Conservative MP Richard Martel and Carney’s principal secretary Tom Pitfield were included in the first wave of appointments, alongside Rodney Ouellette of New Brunswick and Manitoba’s Geeta Tucker.
In a statement, Carney said he was modifying the existing criteria for Senate appointments by dropping the non-partisanship requirement and prioritizing candidates with “expertise in key Canadian strategic industries, regulatory frameworks, and emerging social and economic affairs.”
He said removing the non-partisanship rule recognizes the “valuable contributions made by Canadians who have chosen to serve in elected office or in other partisan roles, including knowledge of the governing and legislative processes, which will contribute to a stronger, more effective Senate.”
For the past decade, Senate appointments were typically based on the recommendations of what the government called an independent advisory board.
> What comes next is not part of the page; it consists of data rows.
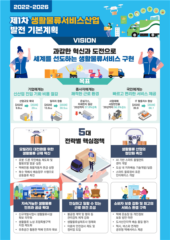 이를 통해 2026년까지 생활물류 산업 규모를 20조원으로 확대하고 관련 일자리도 30만 5000명으로 늘리겠다는 게 목표다.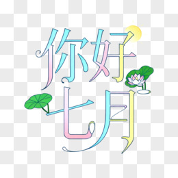 你好七月艺术字免抠元素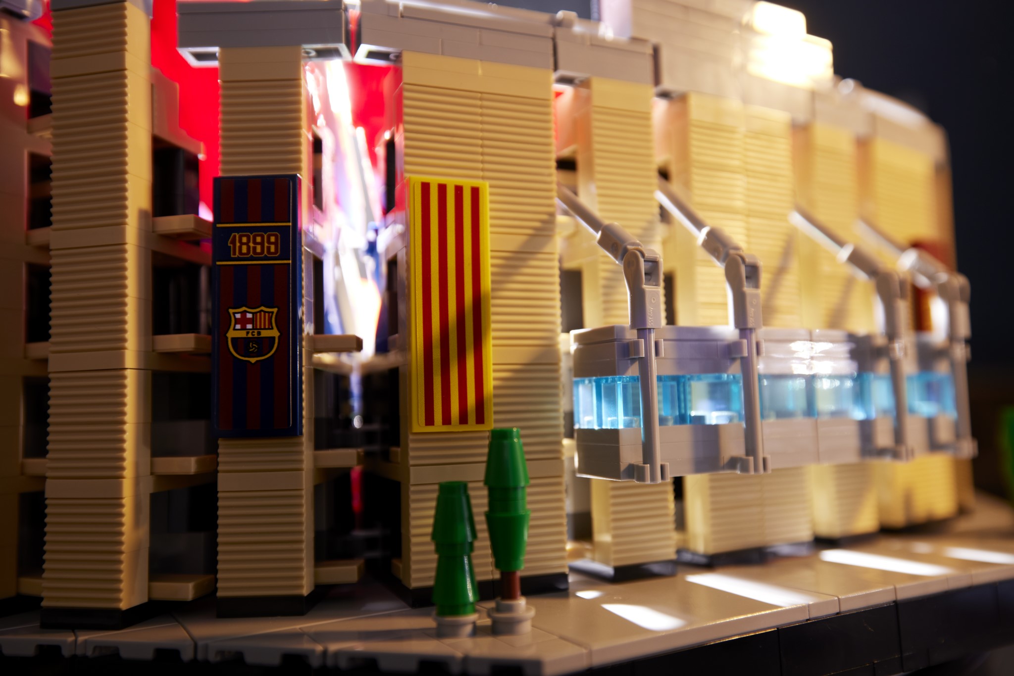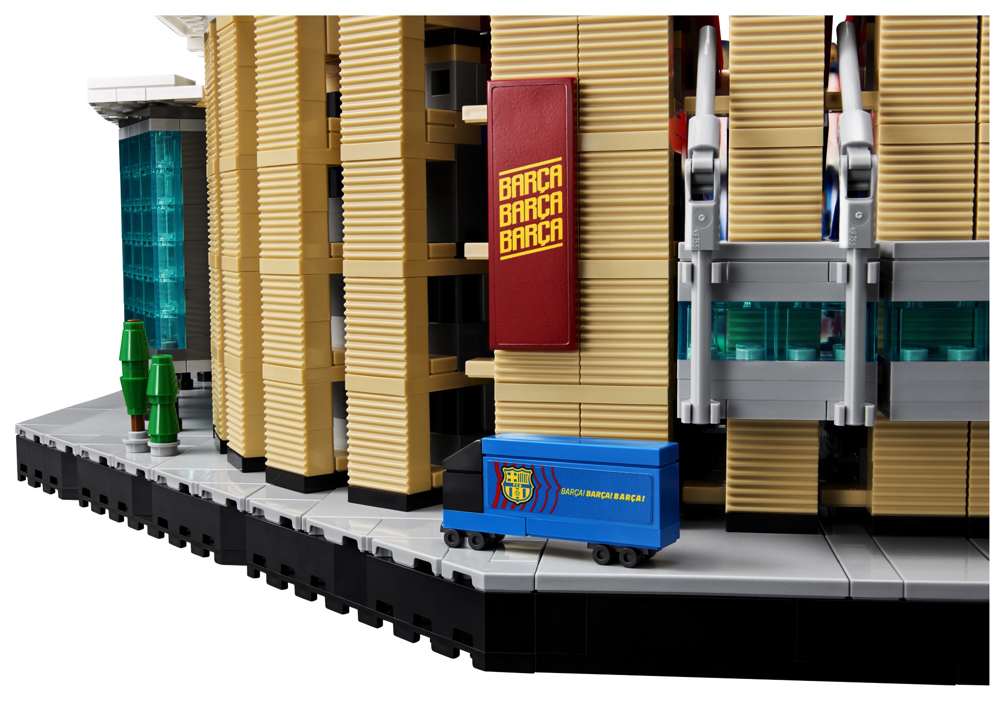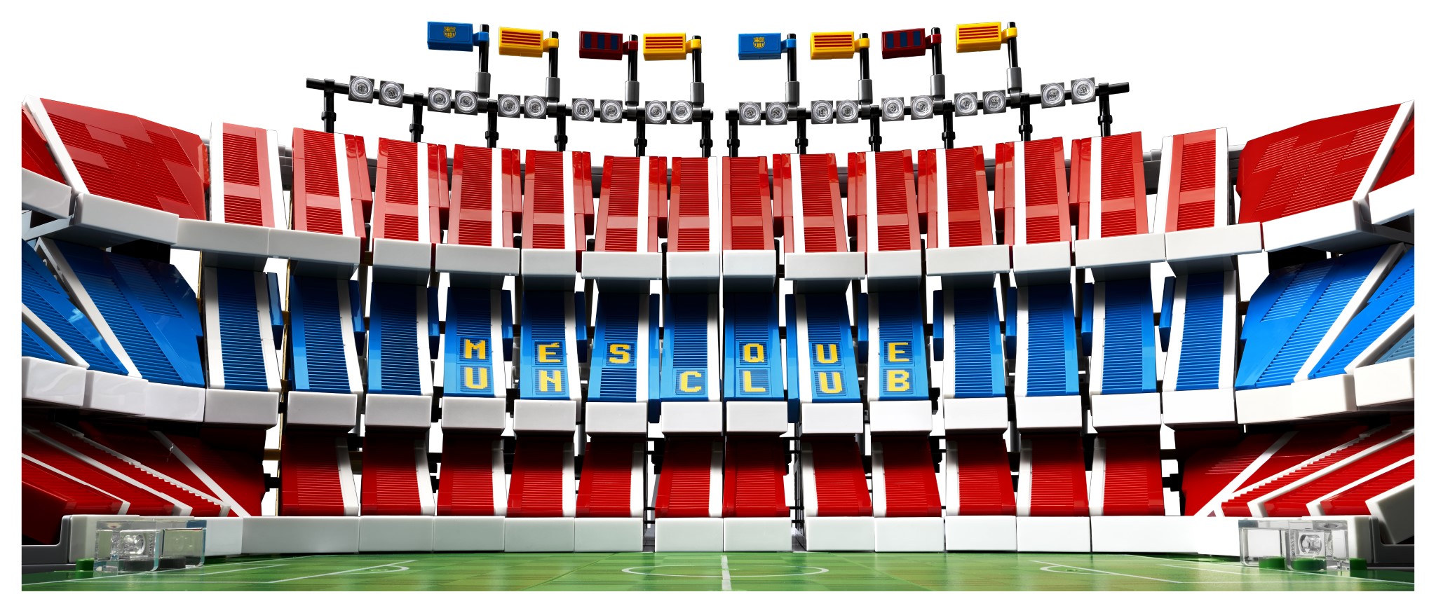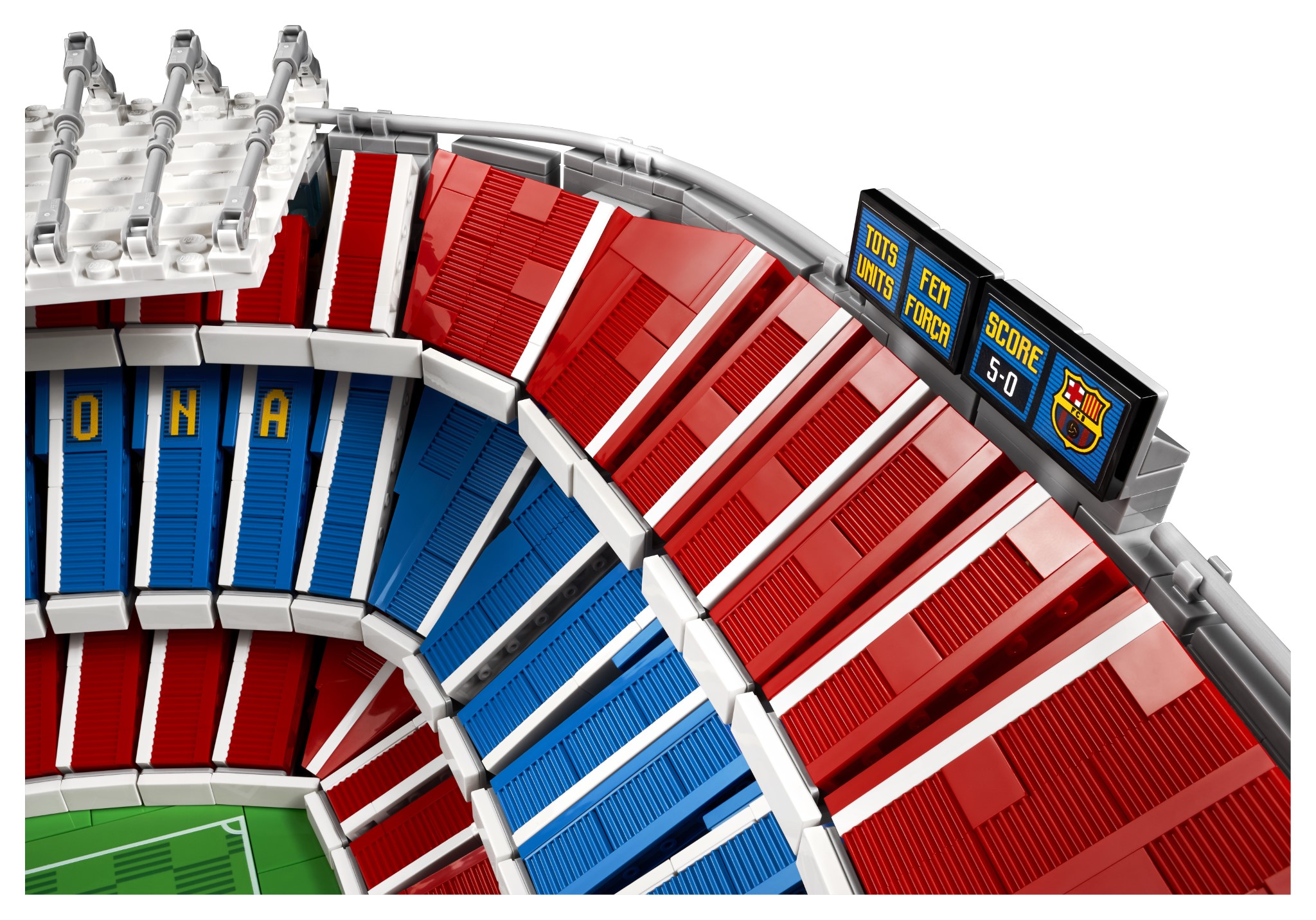 Il set riproduce nel dettaglio l’intero campo da gioco, le tribune, il tunnel dei giocatori e persino l’allenatore della squadra. Presenti anche il tabellone, che fa riferimento alla storica vittoria del Club per 5-0 contro il Real Madrid, e il motto dell’FC Barcelona “Més que un Club”, orgogliosamente esposto sugli spalti.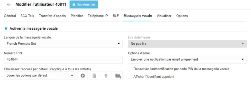 Par ailleurs, chaque compte utilisateur est associé à un ensemble de paramètres pour la messagerie vocale, 3CX Talk (liens directs pour le chat / une réunion avec cet utilisateur) ou encore les stratégies de transfert d'appels en fonction du statut de l'utilisateur.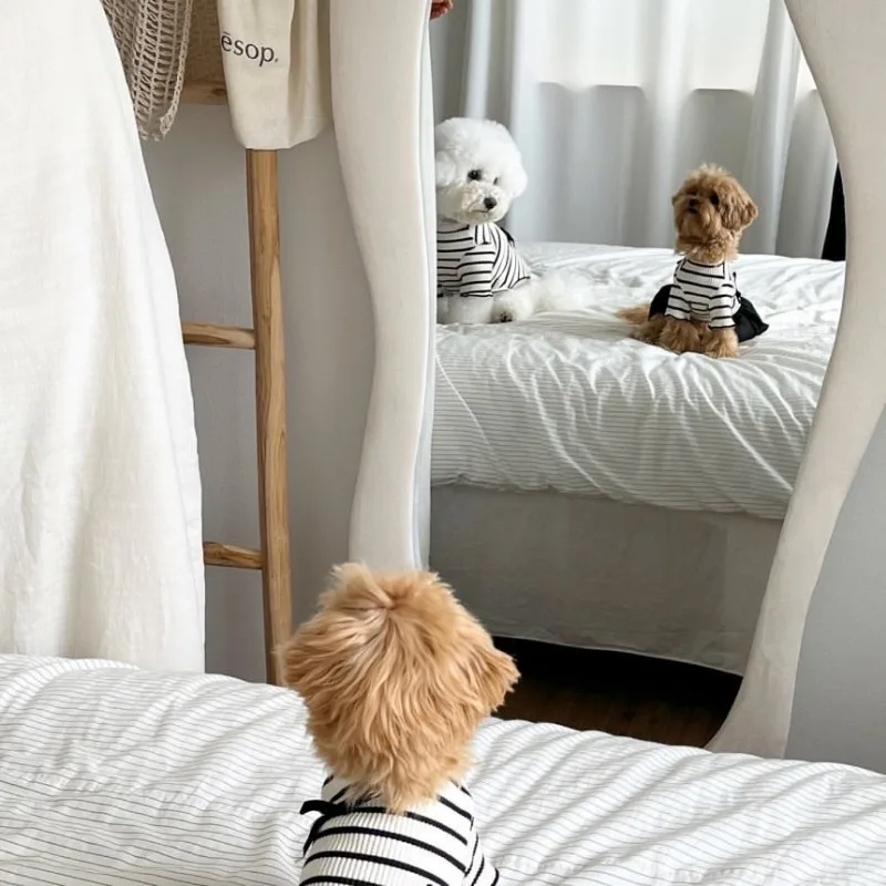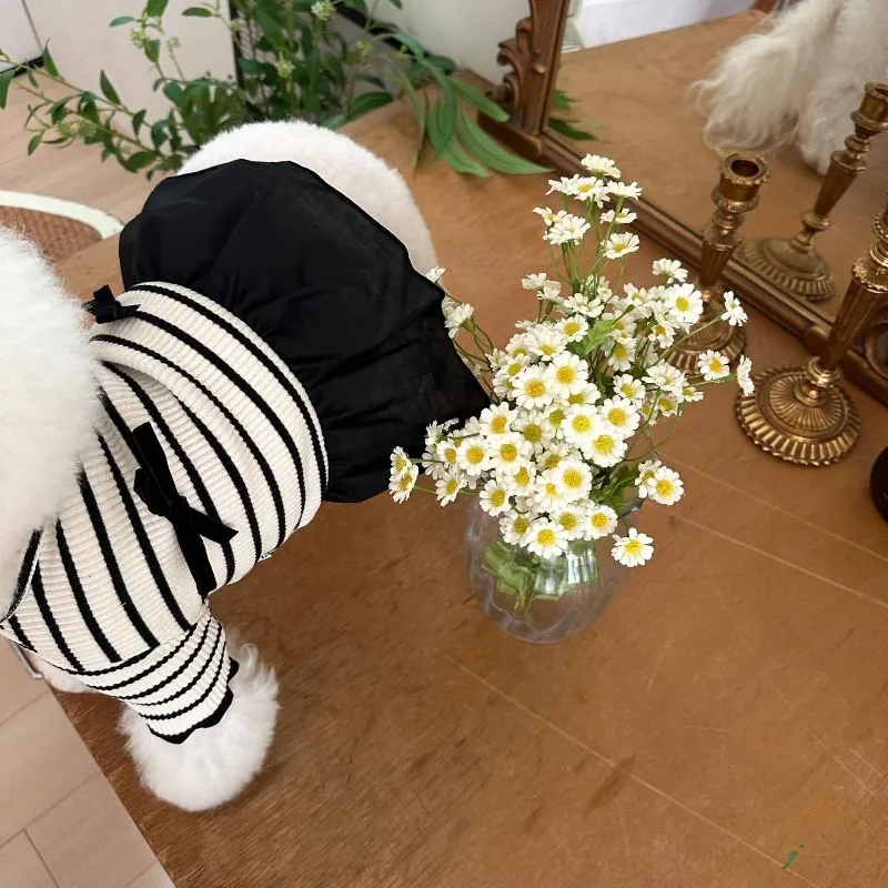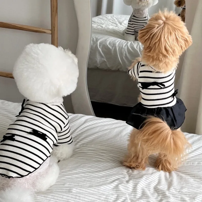 Verano mascota arco cachorro camisa Collar Correa moda manga voladora vestido para perro a rayas vestido blanco negro Teddy para ropa para perros pequeños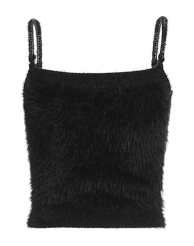 top, knitted, lightweight knit, solid color with appliqués, crystals, brand logo, scoop neckline, sleeveless, hand wash, do not tumble dry

Most of these appointees came from non-political backgrounds.
Previous experience in partisan politics wasn’t disqualifying, but the process was seen as break from the tradition of having prime ministers name party loyalists to the Senate.
This shift in approach to appointments comes as the Liberals have increasingly clashed with the Senate over the handling of key pieces of legislation.
As iPolitics first reported, government sources objected to the Senate’s unsuccessful push to delay changes to the rules regulating political parties that were supported by the Liberals, Conservatives and New Democrats, and delays in passing legislation overhauling bail laws backed by the premiers and police chiefs.
Others have defended the Senate’s pace in handling legislation.
Osler noted that on average in this Parliament, the Senate spent a quarter of the time on government bills that have been passed so far.
“The figures do not support statements that the Senate is responsible for slowing legislation. Rather, the figures reflect the Senate fulfilling its constitutional responsibility to provide careful, independent review after legislation has already undergone consideration in the elected House,” she said.
“Canadians expect the Senate to scrutinize legislation and improve when necessary. That requires sufficient time for debate, committee study, and consideration of amendments. Speed and quality of review are not always equivalent.”
The Liberals said senators should take the time needed to complete their work, but noted that efforts to sit late to finish study of legislation are often rejected. For example, a motion to move up the day of clause-by-clause review on the government’s bail bill to complete it before a two-week break in May was voted down.
BACKGROUNDER: Criticism grows at Senate’s pace handling key bills as spring sitting enters final stretch
Carney’s office said future appointments will be handled by a new advisory board that is set to be established in the coming days.
This board will use a “merit-based criteria” to identify candidates with “diverse experience and perspectives,” and make recommendations to Carney, the Prime Minister’s Office said in a statement.